Revólveres, rifles e submetralhadoras, sem aviso prévio ou justificativa,
cuspiram fogo contra a multidão, assassinando 69 pessoas e ferindo quase 200 –
a maioria baleada pelas costas, em uma tentativa desesperada de fuga.
A inescusável execução em massa provocou
náusea na comunidade internacional e despertou a ira das lideranças negras na
África do Sul – o temor de uma guerra civil já toma conta de membros do alto
escalão do primeiro-ministro africâner Hendrik Verwoerd. Uma semana depois do
chamado “Massacre de Sharpeville”, um dia nacional de luto, 28 de março, foi
convocado pelos chefes negros. Os funerais das vítimas seriam acompanhados por
um boicote do trabalho e novas manifestações contra o passe. Ainda que os
líderes do movimento seguissem pregando a não-violência, a tensão latente
acabou por registrar uma série de tumultos e pancadarias em diferentes pontos
de Johanesburgo, Worcestor e Cidade do Cabo. Em reação direta aos eventos, já
se noticia uma corrida de cidadãos sul-africanos a consulados estrangeiros, em
busca de vistos de emigração, bem como um aumento espantoso na venda de
armamento aos brancos.
Na véspera dos funerais, para evitar
novos conflitos, o governo da África do Sul havia anunciado a suspensão da
obrigatoriedade do porte do passe pelos negros. Esperançoso com o que parecia
um primeiro ato de conciliação por parte da administração de Verwoerd, o planeta
foi logo devolvido à realidade obtusa do apartheid com a declaração oficial de
estado de emergência em 30 de março. Sob tal auspício, as autoridades
sul-africanas voltaram à carga com prisões em massa – o número, ainda não
oficial, é de 18.000 detidos, incluindo o líder do Congresso Pan-Africanista,
Robert Sobukwe, e a quase totalidade dos cabeças do movimento negro –, além da
criminalização das entidades políticas dos nativos. Uma passada de olhos pela
história revela que, atuando na clandestinidade, as oposições não demoram a
deixar a resistência pacífica em favor da armada. No ambiente incendiário em
que se encontra a África do Sul, parece questão de tempo.

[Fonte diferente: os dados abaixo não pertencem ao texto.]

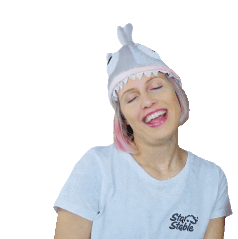Game Master Ylva, with pink hair, smiles brightly while wearing a fun grey shark hat, looking up and to the side.
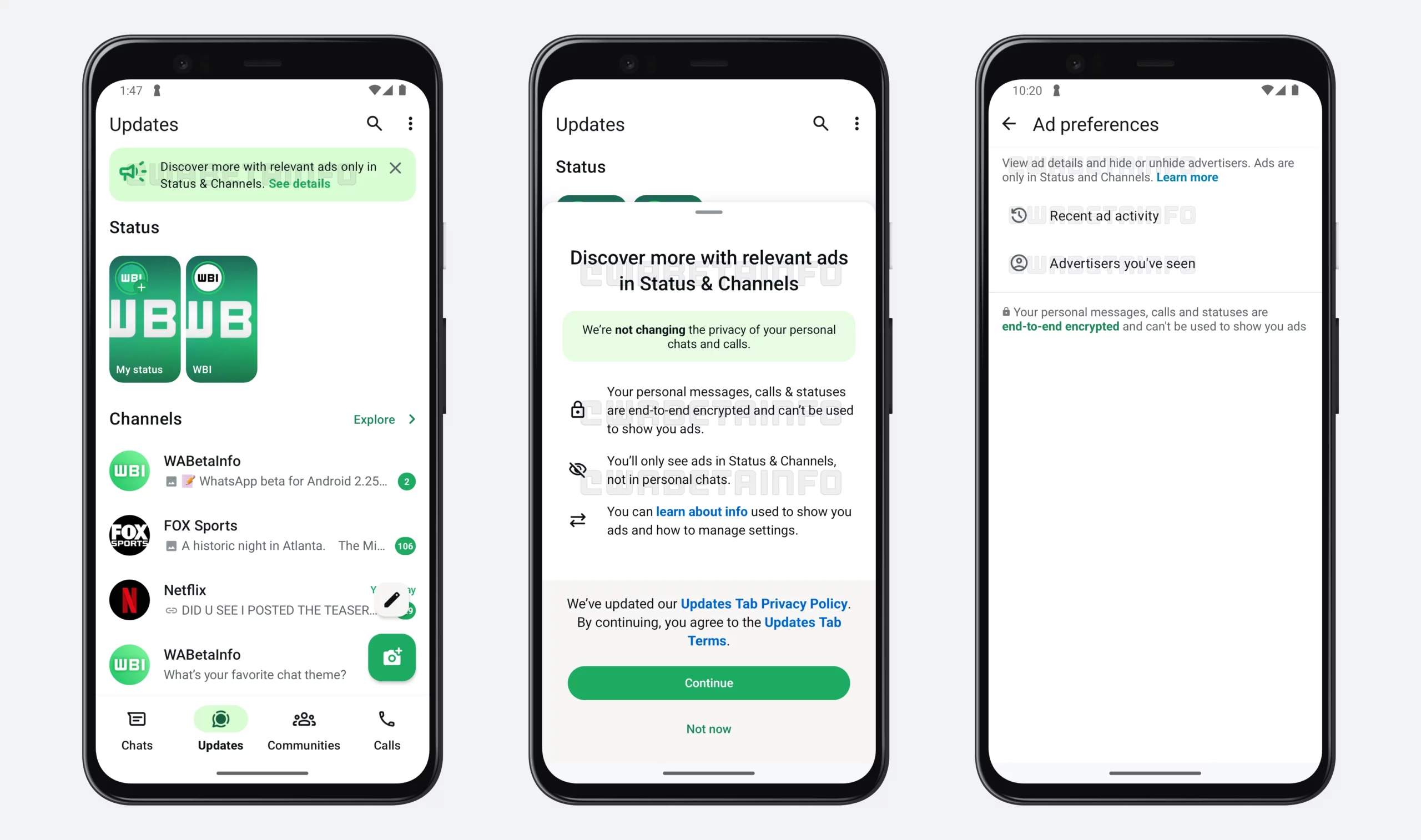 O WhatsApp deu um passo significativo no seu modelo de receitas. Alguns utilizadores que instalaram a versão beta 2.25.21.11 do Android na Google Play Store foram recebidos com um novo banner no separador “Atualizações”. Este anuncia duas novas funcionalidades de publicidade integradas na aplicação: Anúncios de Estado e Canais Promovidos.

Caderneta da infâmia - Na origem do protesto que geraria o
extermínio na township (área urbana reservada aos negros) de
Sharpeville está um dos maiores instrumentos de controle e segregação racial a
serviço do governo: as leis do passe. Obrigados a carregar as infames
cadernetas – que contêm foto, dados pessoais, número de série, registro profissional,
pagamento de impostos e ficha criminal – e a mostrá-las às autoridades sempre
que solicitadas, os negros não apenas têm sua liberdade de movimento cerceada,
mas também são vítimas, a cada abordagem, de atos de humilhação. Caso o
indivíduo não apresente o passe, é sumariamente detido. Existente desde a época
dos escravos, em 1700, o conceito e a oficialização do passe – e, por tabela,
sua oposição – ganhou força com a instauração do regime do apartheid, no ano de
em 1948, com a chegada ao poder do Partido Nacional. Na última década, foram
várias as manifestações contrárias às leis, notadamente a marcha das mulheres
de agosto de 1956. Nenhuma delas, contudo, surtiu grande efeito prático.

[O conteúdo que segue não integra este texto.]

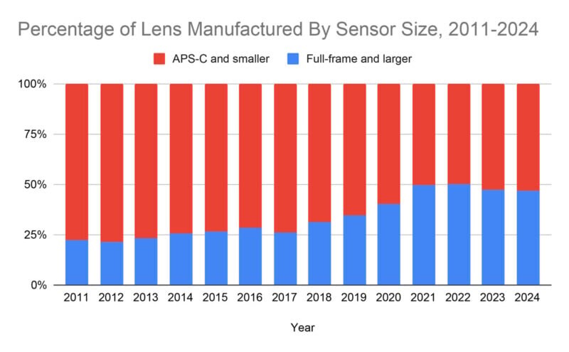 Также стоит отметить, что данные CIPA не указывают конкретные компании, производящие объективы. Например, хотя Canon и Nikon ранее доминировали на рынке APS-C, их доля снижается, что подчеркивает общее сокращение интереса к этому сегменту.

No início de março, o Congresso Nacional
Africano (CNA) programou, para o último dia do mês, uma nova manifestação
anti-passe. Antecipando-se a ela, os membros do Congresso Pan-Africanista (CPA)
– fundado no ano passado por dissidentes do CNA –, liderados pelo educador
metodista Robert Sobukwe, marcaram seu protesto sobre o mesmo tema para o dia
21, dez dias antes, portanto, da movimentação da associação rival. A campanha,
de acordo com a orientação de Sobukwe, deveria ser totalmente pacífica. Todos
os africanos deveriam deixar seus passes em casa e, desarmados, comparecer às
delegacias de polícia, entregando-se aos oficiais para serem presos. Os líderes
do CPA acreditavam que a detenção massiva de negros resultaria numa pane do
sistema: não apenas as prisões ficariam superlotadas, mas também a economia
seria bruscamente afetada, com boa parte da força de trabalho no cárcere.
No dia 21 de março, a adesão à chamada
de Sobukwe foi maciça, tendo sido observada com sucesso em diversas townships pelo país. Em Sharpeville, uma
multidão calculada entre 5.000 e 7.000 pessoas colocou-se defronte ao distrito
policial, para aflição do efetivo local de vinte soldados. O pedido de reforços
foi imediatamente atendido, com 130 homens, escoltados por quatro tanques
Saracen, adentrando o recinto – todo cercado por arame farpado. Vôos rasantes
de jatos Sabre e monomotores Harvard buscaram, sem sucesso, dispersar a
multidão. Por volta das 13 horas, de acordo com relatos de testemunhas, a
tentativa da polícia de deter um negro causou uma pequena confusão perto do
portão de entrada da delegacia, e algumas pedras foram atiradas contra os
tanques da polícia. O comandante da polícia, G. D. Pienaar, teria então
ordenado seus homens a carregar os revólveres, rifles e submetralhadoras. E
então, sem que a multidão tenha recebido qualquer aviso ou determinação para
recuar, os policiais começam a disparar suas armas. Completamente
desprevenidos, os negros bateram em retirada, desesperados. Os projéteis
seguiam em sua direção, alvejando os retardatários pelas costas. Pouco mais de
dois minutos depois, Sharpeville encerrava seu cenário de apocalipse. Dúzias e
dúzias de mortos e feridos jaziam nas cercanias.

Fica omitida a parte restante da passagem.